[[ Data section open ]]
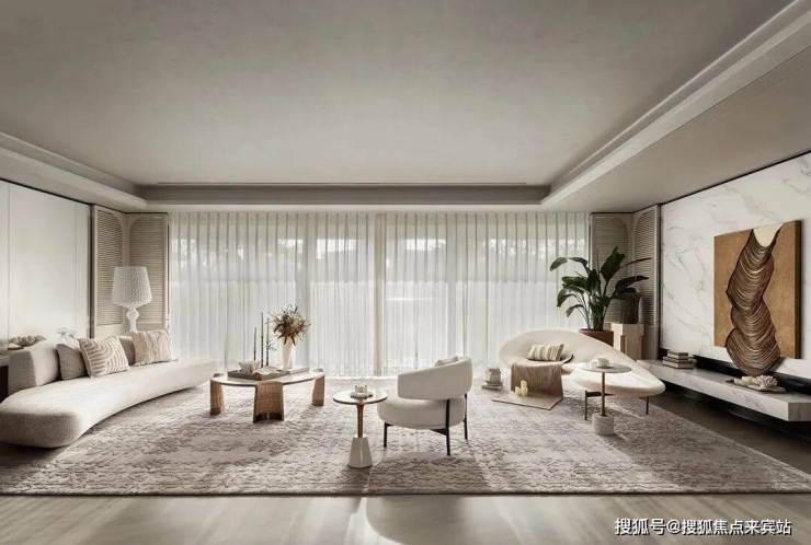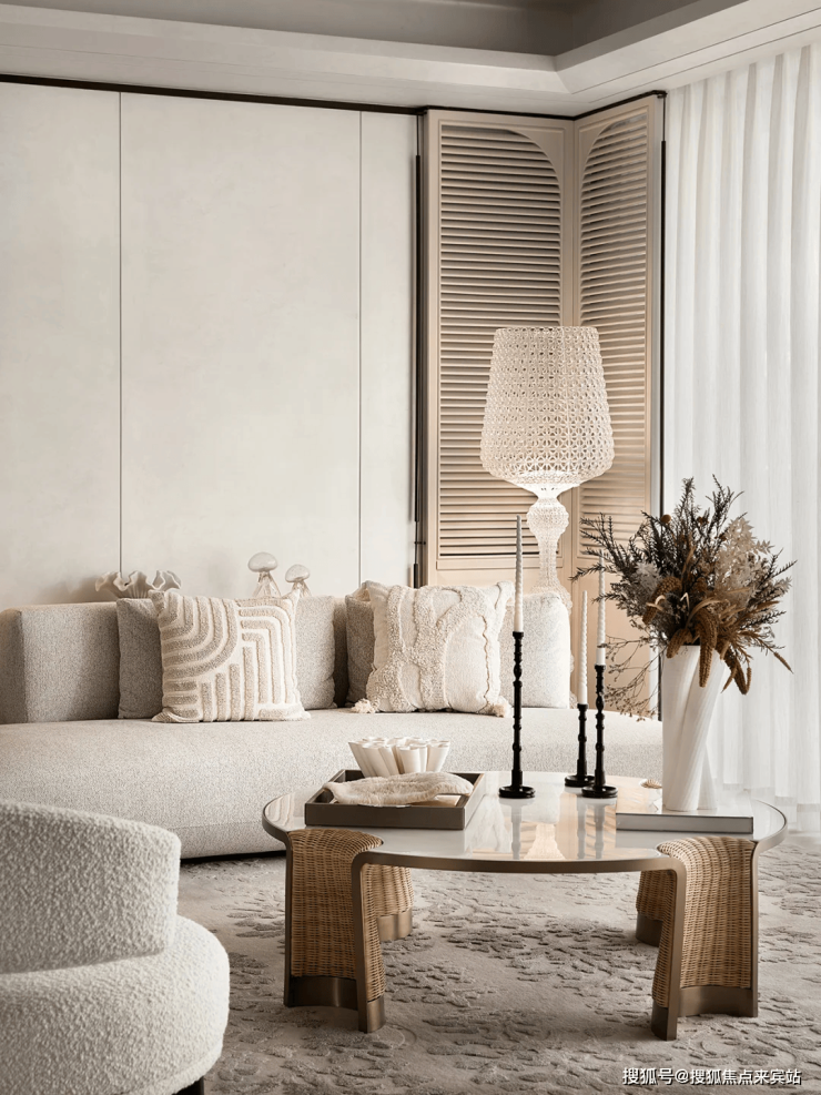 步入室内,就是约10㎡的私享电梯前厅,层高约3.5m,三面采光的公区,270°无柱环形端厅,延伸出约44米的观景面,尽显主人气场。
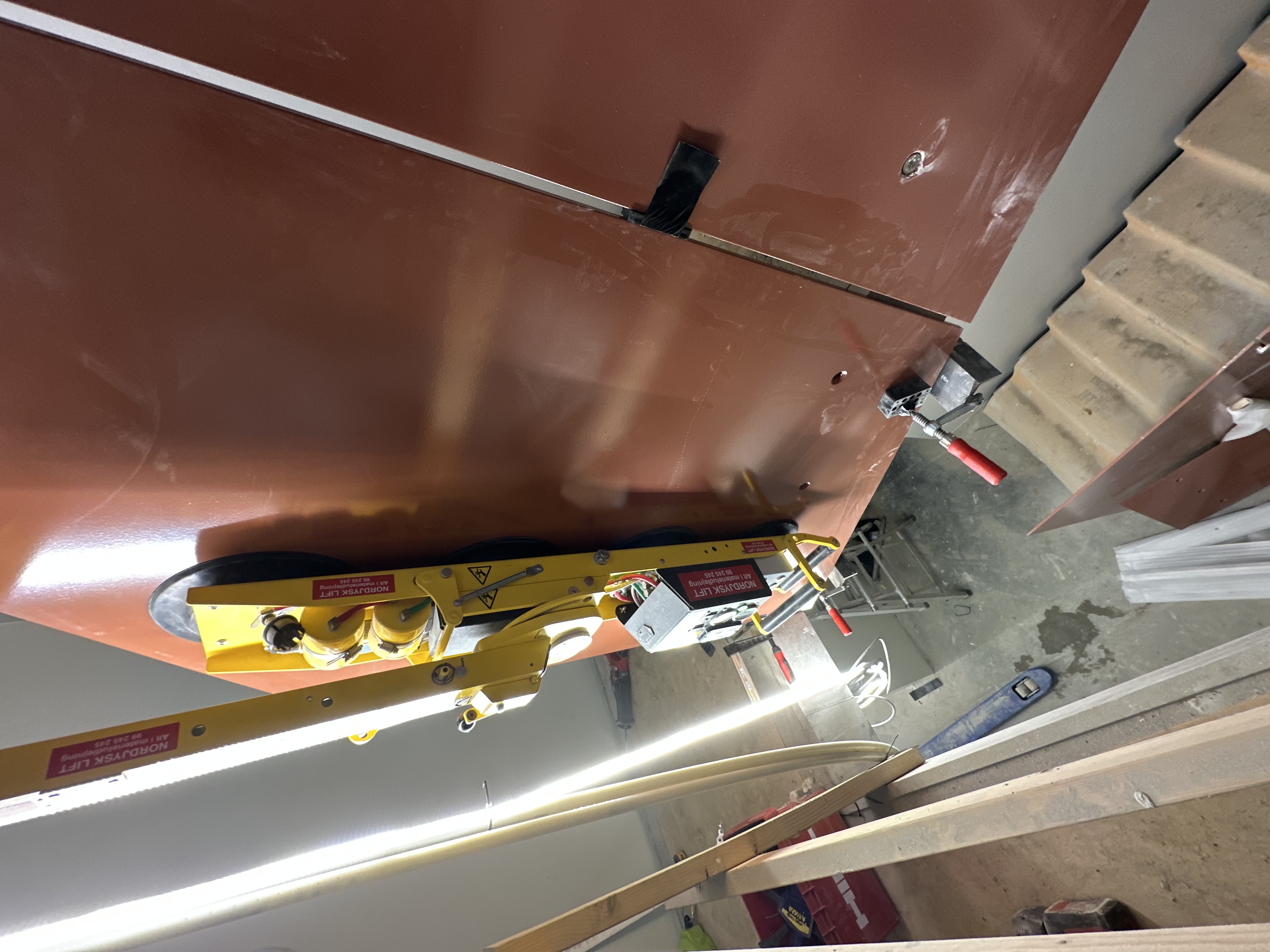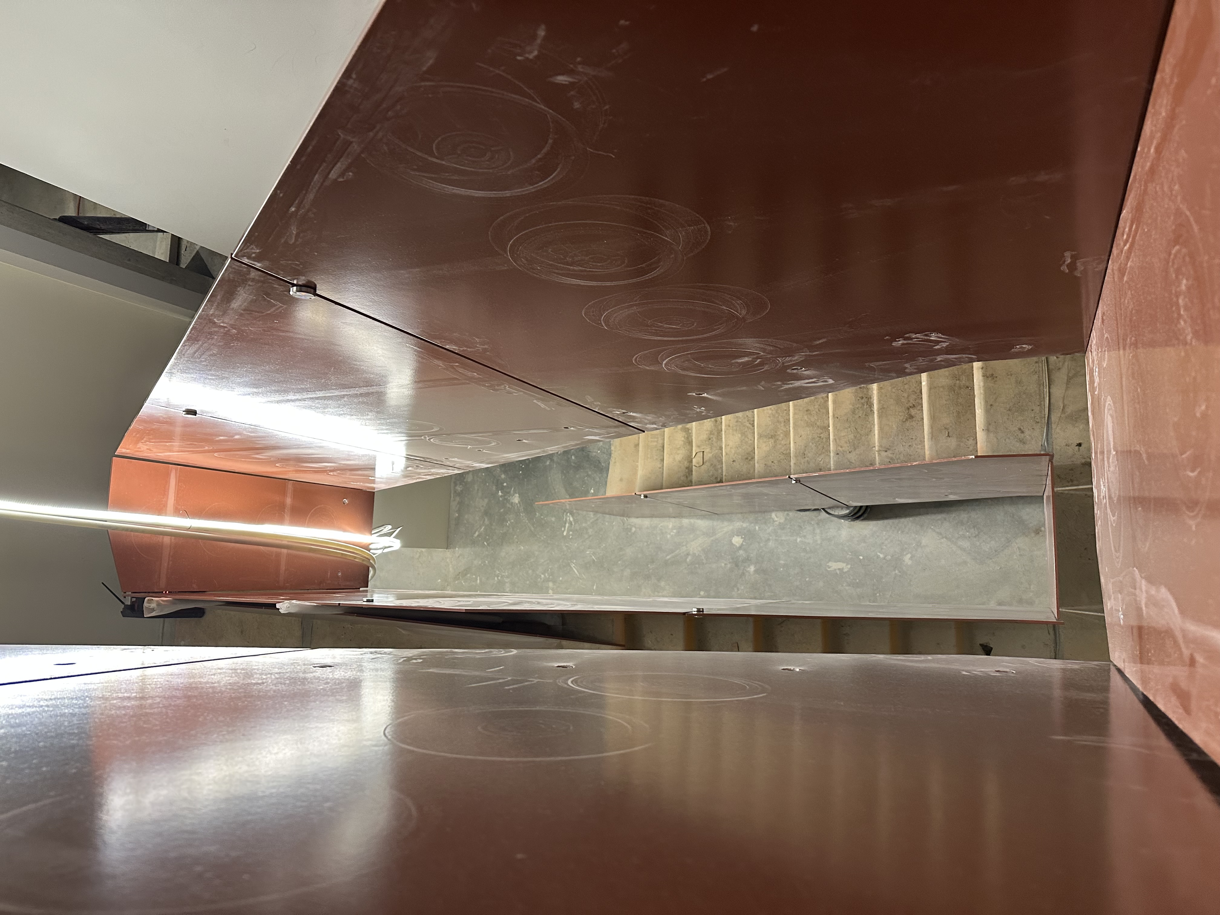 Wicotec Kirkebjerg, montering af stålplader i trappeopgange
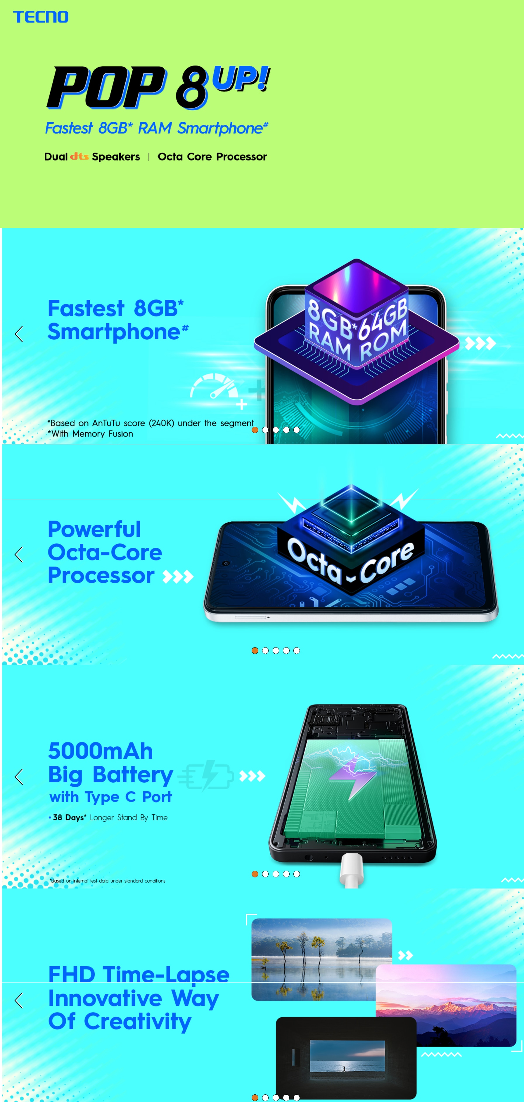 - Segment-first Dual Stereo Speakers equipped with DTS technology
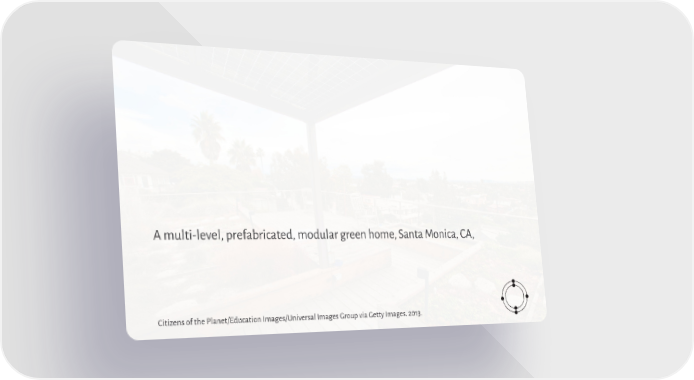 A multi-level, prefabricated, modular green home, Santa Monica, CA, Citizens of the Planet/Education Images/Universal Images Group via Getty Images. 2013.
[[ Data section closed ]]
About this exercise - Could the data above be reproduced exactly, with the pictures left out?

Your response -
 步入室内,就是约10㎡的私享电梯前厅,层高约3.5m,三面采光的公区,270°无柱环形端厅,延伸出约44米的观景面,尽显主人气场。
 Wicotec Kirkebjerg, montering af stålplader i trappeopgange
 - Segment-first Dual Stereo Speakers equipped with DTS technology
 A multi-level, prefabricated, modular green home, Santa Monica, CA, Citizens of the Planet/Education Images/Universal Images Group via Getty Images. 2013.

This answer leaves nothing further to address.